We meet Marie-Claire Cote in the summer of 1940. She is the eldest child in the Cote family, with a younger brother and sister. Her Uncle Gerard arrives in need of a place to stay, and stay he does, until failing health and a tuberculosis diagnosis sends him to the Pembina Hills Sanitarium where he dies.  Unfortunately for the three children in the family, they are soon battling this debilitating and threatening disease, each with a variation in symptoms. Luc, who has always been susceptible to illness cannot fight the dreaded disease and eventually dies. The family is devastated. Josee, the youngest, responds well to her treatment and is soon discharged.
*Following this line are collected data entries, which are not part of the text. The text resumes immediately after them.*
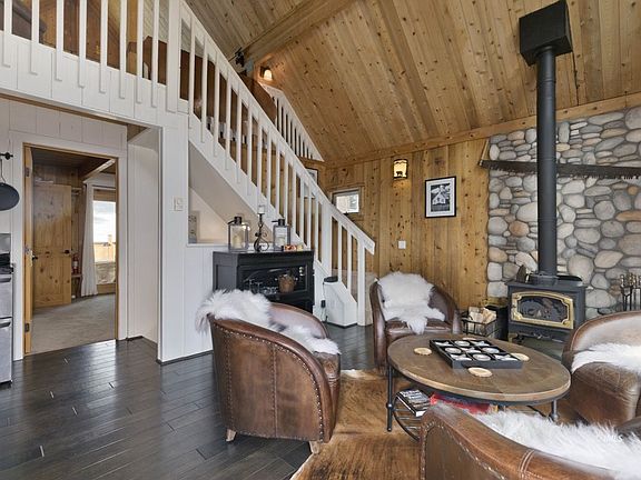 - Interior Features: Vaulted Ceilings, Ceiling Fans, Wood Burning Stove, Fixtures, Furniture, Hot Tub/Spa, Loft, Flooring- Carpet, Flooring- Wood, Dual Pane Windows
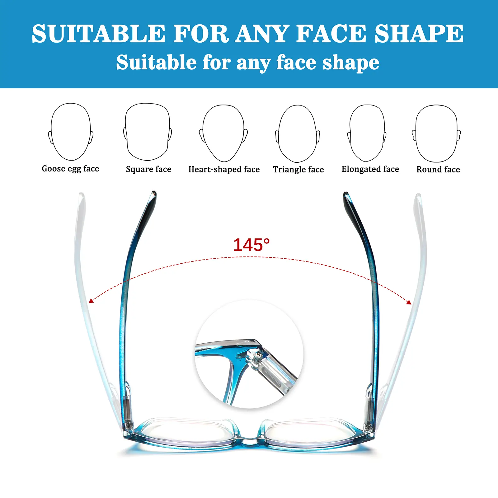COMFORTABLE & FEATHER-LIGHT DESIGN: Equipped with flexible spring hinges for a secure and adaptive fit that suits a wide range of face shapes. Soft integrated nose pads alleviate pressure on the bridge for all-day comfort and adjustable ease.
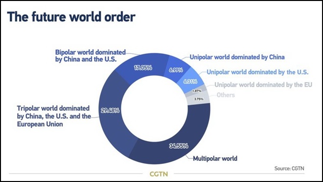 มีผู้ตอบแบบสำรวจเพียง 6.31% ที่เชื่อว่าโลกจะเป็นขั้วเดียวในอนาคตและถูกครอบงำโดยสหรัฐอเมริกา ขณะที่ 34.55% ซึ่งเป็นกลุ่มใหญ่ที่สุด คิดว่าโลกแบบหลายขั้วมีแนวโน้มเกิดขึ้นมากที่สุด
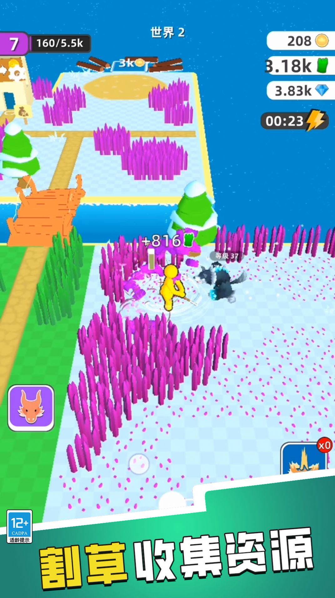 1、享受割草的旅程,在各个地方都能够收集资源的;

As we live with Marie-Claire through the prescribed treatment...complete bed rest, sleeping in the outdoors despite the freezing Manitoba temperatures, and few visitors...we come to understand the terrible toll tuberculosis took on those afflicted with it. She watches patients arrive and die, becomes aware that many have been there for long periods of time.  She is angry, bored, sorrowful and anxious to find her way out of the prison that keeps her trapped, awaiting good health.   Her friendship with Signy, her roommate is complicated. Signy is one year older, but has been ill for seven years. She counts on Marie-Claire to help her find solace and some sunshine in each day. It is a formidable challenge. For two years they struggle together through the process of healing.  When a new roommate arrives, she brings a change for the two young women...she is a fiddler and that helps them make a connection with some of the young men who are recovering in another building. They are healing and closer to full recovery. Marie-Claire meets and falls for Jack Hawkins, who was her brother's roommate. A move from the infirmary to Creighton Cottage affords her some freedom, but she is drawn back to Signy in an attempt to help her continue her healing.
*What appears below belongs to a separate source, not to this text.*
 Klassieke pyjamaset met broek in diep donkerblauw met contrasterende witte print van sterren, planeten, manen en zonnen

Martha Brooks is a writer whose characters resonate with readers for the long term. Marie-Claire is not easily forgetton and that is a grand compliment to the author's insight and research. She spent her early years living at the Manitoba Sanitorium in Ninette, Manitoba where her father was a doctor. That setting and her remembrances of her experiences there provided the inspiration for this remarkable story. It is hard to imagine that world, but she brings it vividly to life for her readers. She knows much and shares it all, with candor and no-holds-barred. Her story is a fictional account of a part of Manitoba's rich history.

My husband's parents both spent time at the 'San' in Ninette. I wish I had asked more about life as they lived it then and how they were treated in the community as a result of contracting the dread disease. Isn't that what happens too often?